■ Directions ■
The lines to extract run from the start of the records through the line with "공사가 마련한 구호성금", both ends included; drop the pictures.

■ Records for the exercise ■
* * * * *
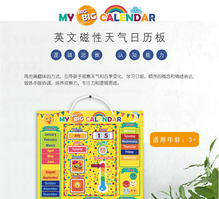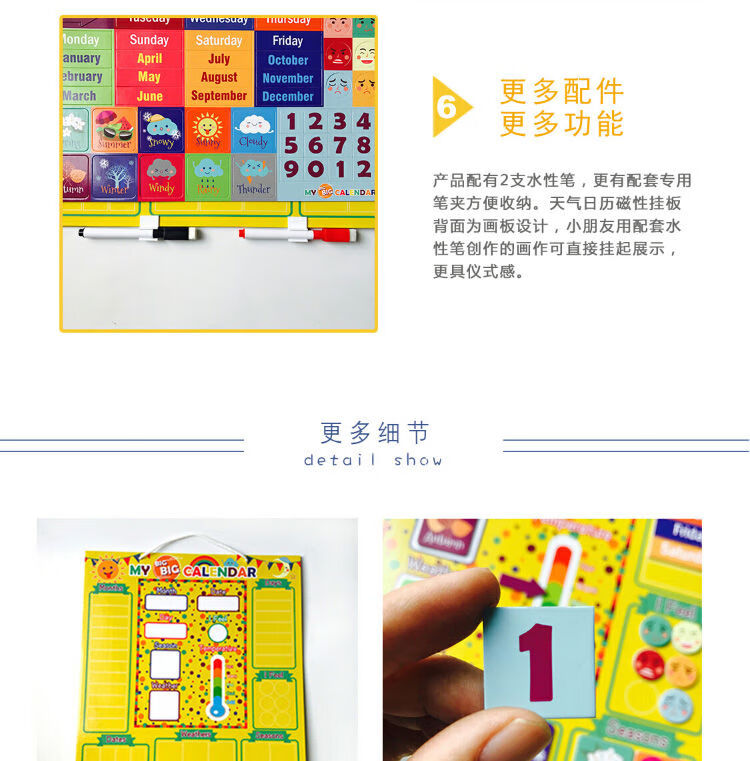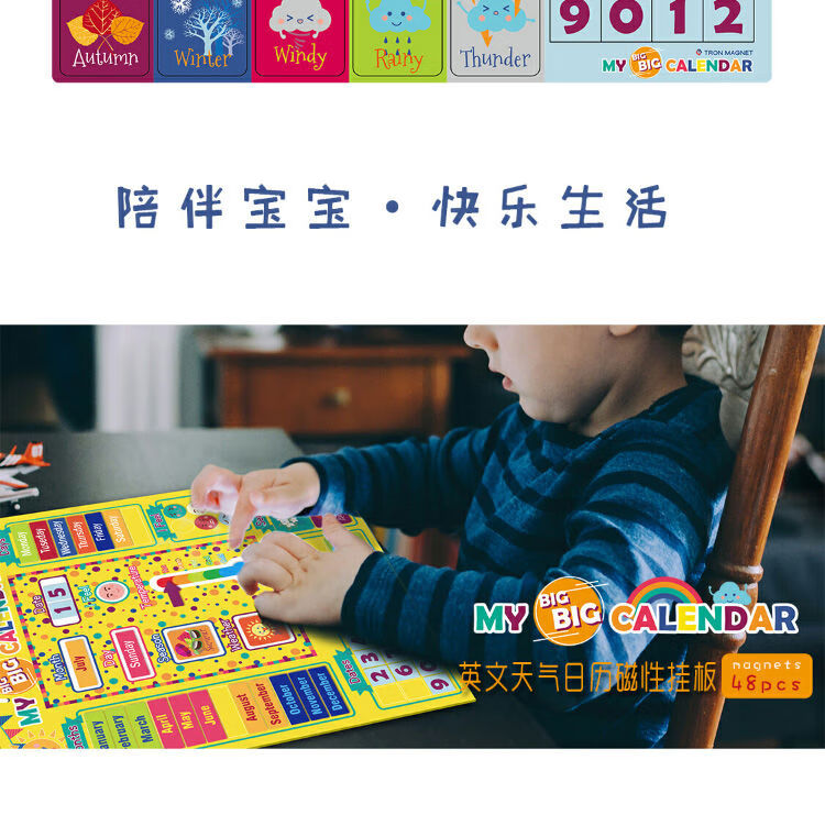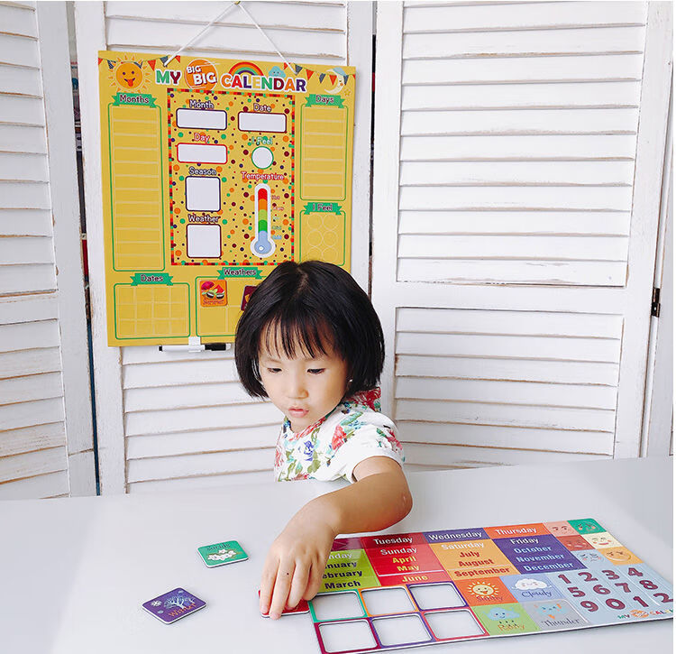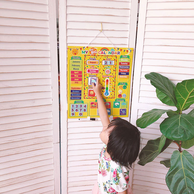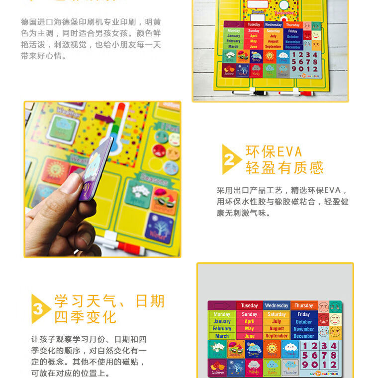 Детский календарь погоды на четыре сезона на китайском и английском языках. Магнитная наклейка. Стираемая подвесная доска. Осведомленность ребенка, экспортированная в Европу. Маленький традиционный китайский календарь 40X30 см.
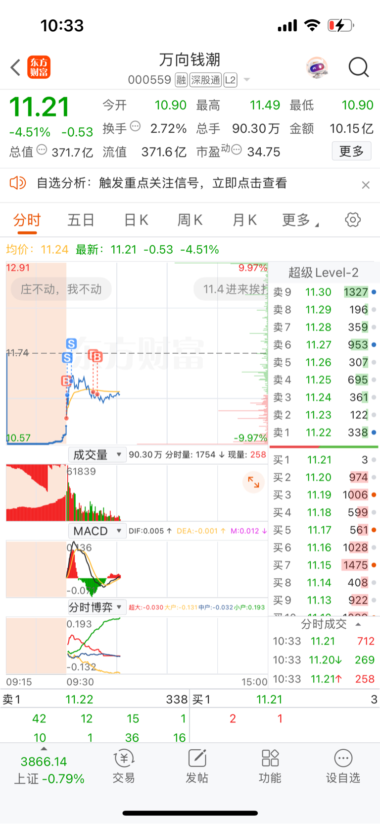 $万向钱潮(SZ000559)$ 真晦气,周五看着以为是带血的筹码,跌停进来的,然后今天往死里T还是绿的,搞什么啊,继续睡觉吧
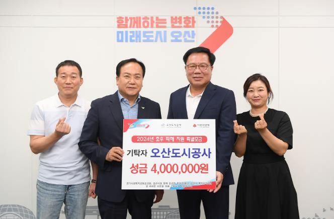 공사가 마련한 구호성금 400만원은 ▲ CEO를 포함한 임직원 ▲ 오산시민의 자발적 성금 모금 ▲ 공사 전직원의 '사랑의 마음모으기+' 사회공헌기금 ▲ 노동조합의 기금 조성을 통하여 마련되었으며, 경기사회복지공동모금회를 통해 수해복구 지원이 필요한 지역과 주민들에게 소중히 전달될 예정이다.
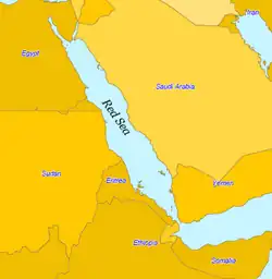 - Vestsiden fra syd til nord: Djibouti, Eritrea, Sudan, Egypten
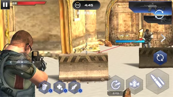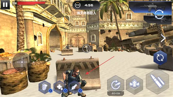 4、发现敌人后,通过屏幕右侧射击按钮等攻击敌人,配合手雷、火箭筒等道具消灭敌人,完成关卡目标。
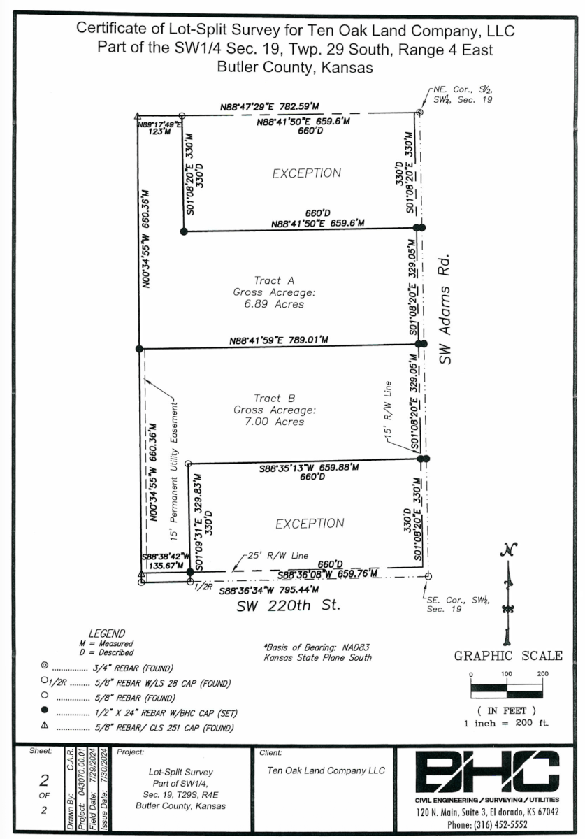 LEGAL DESCRIPTION: Tract A(6.89 Acres) and Tract B(7 Acres) in the Southwest 1/4 of Section 19, Township 29 South, Range 4 East, Butler County Kansas
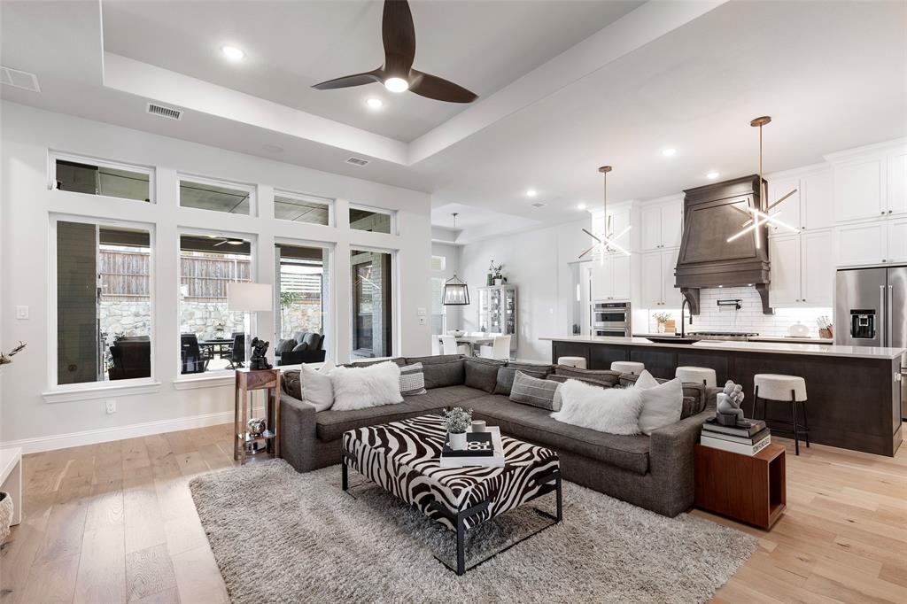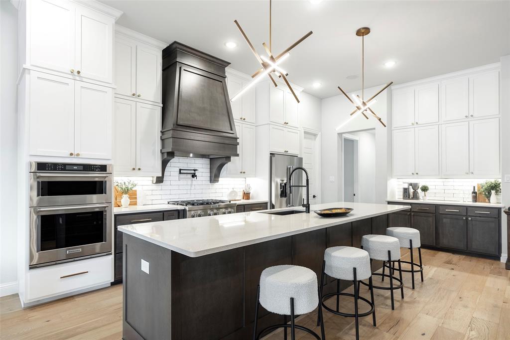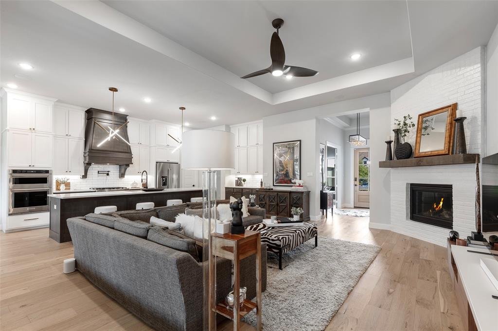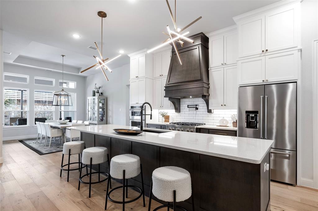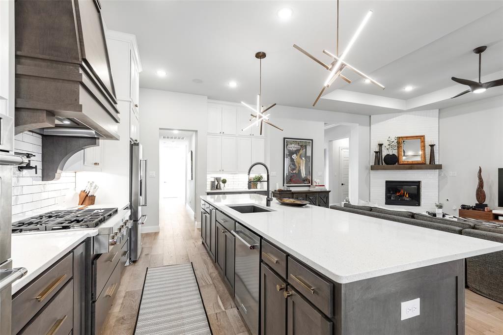 The open concept is anchored by a chefs kitchen with a stunning 12 foot island, ample cabinets and counters & oversized pantry. Here you find upgraded appliances, silgranite sink, beautiful hardware and fixtures, & pot filler. The kitchen is flanked by a large family room with a beautiful gas fireplace & a dining area that seats up to 10 or more.
* * * * *
■ Response area ■
 Детский календарь погоды на четыре сезона на китайском и английском языках. Магнитная наклейка. Стираемая подвесная доска. Осведомленность ребенка, экспортированная в Европу. Маленький традиционный китайский календарь 40X30 см.
 $万向钱潮(SZ000559)$ 真晦气,周五看着以为是带血的筹码,跌停进来的,然后今天往死里T还是绿的,搞什么啊,继续睡觉吧
 공사가 마련한 구호성금 400만원은 ▲ CEO를 포함한 임직원 ▲ 오산시민의 자발적 성금 모금 ▲ 공사 전직원의 '사랑의 마음모으기+' 사회공헌기금 ▲ 노동조합의 기금 조성을 통하여 마련되었으며, 경기사회복지공동모금회를 통해 수해복구 지원이 필요한 지역과 주민들에게 소중히 전달될 예정이다.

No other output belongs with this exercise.